Neuberger was a natural choice as chair of the panel. However, with other senior judges, he continued to sit on the Hong Kong court, even as the territory introduced harsh national security laws at the insistence of China’s ruling Communist Party, which saw its traditional freedoms, including press freedoms, as a threat.
Since a new tranche of laws was introduced earlier this year, there have been a series of resignations from the court, including by Lord Sumption, another former Supreme Court justice, who said Hong Kong was becoming a “totalitarian state”.
Neuberger rejected calls to quit, and this week was on a panel of judges who upheld the convictions of Jimmy Lai, the newspaper proprietor, Martin Lee Chu-ming, the former head of the Hong Kong Democratic Party and five other leading activists and politicians on charges of participating in an illegal rally in 2019.
Lai and others were jailed as a result of the conviction. Lee was given a suspended sentence. Lai has also been jailed on other charges and is currently on trial for alleged offences under the national security law.

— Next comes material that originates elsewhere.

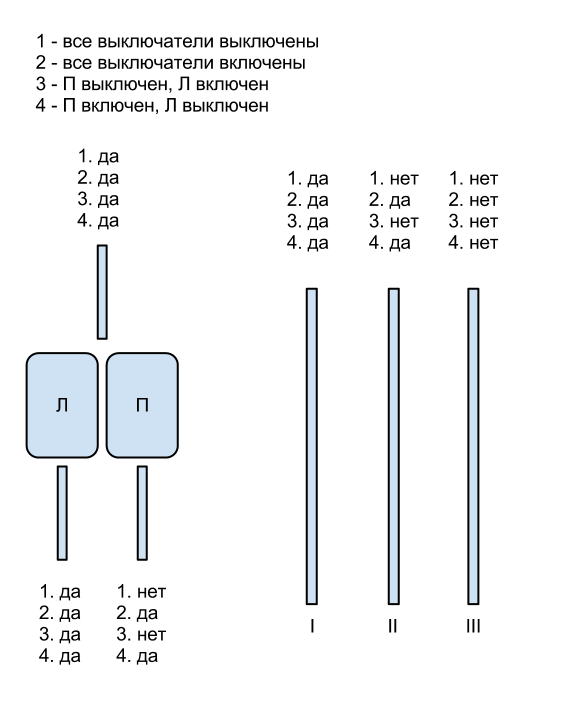 3. не знаю. По мое логике на проводе I ( он же тот, что подключен к левому выключателю) ток должен присутствовать только тогда, когда выключатель включен.

Kennedy, who is also director of the International Bar Association’s Human Rights Institute, which provides the secretariat for the high level panel, said the whole approach involved in the case against Lai, Lee and the others was “excessive”.
She said she accepted that retired judges had a right to take up new roles, and that Neuberger thought that he was trying to “support the Hong Kong judiciary in their efforts to uphold the rule of law” but said that “the line in the sand had been crossed”.
“I do not think UK judges should sit on the court, and nor should UK lawyers participate in prosecuting cases, and I have made that view very clear,” she said.
Campaign groups said it was ironic that Neuberger had chosen to resign his position on the media freedom panel and not from the Hong Kong court itself.
“He ought to have resigned from his position as a non-permanent judge on Hong Kong’s courts, where he has become an instrument for the repression of innocent people like Jimmy Lai,” said Luke de Pulford, director of the Inter-Parliamentary Alliance on China.
The Committee for Freedom in Hong Kong Foundation said that Neuberger had chosen repression and “to prop up a CCP-driven legal system instead of remaining a valuable voice in defence of media freedom around the world”.
Another campaigning organisation of which Neuberger is a trustee, Prisoners Abroad, defended his position.
The group monitors the conditions of British prisoners abroad, and Hong Kong pro-democracy groups pointed out that Lai was a British citizen. However, it said it did not take a view on whether prisoners were innocent or guilty, and the Hong Kong case did not affect its view of Neuberger’s role.
“As a UK charity, Prisoners Abroad’s mission is to protect the health, welfare and human rights of British citizens detained abroad,” said Christopher Stacey, its chief executive. “Our trustees are each personally, and collectively, committed to that mission.”
Before resigning, Neuberger had said: “My role as a judge in Hong Kong, like the role of a judge anywhere, is to decide cases that come before me according to the law.
“Although judicial decisions can of course result in people going to or remaining in prison, I do not believe that there is a conflict between my role as a judge and my role as a trustee of Prisoners Abroad.”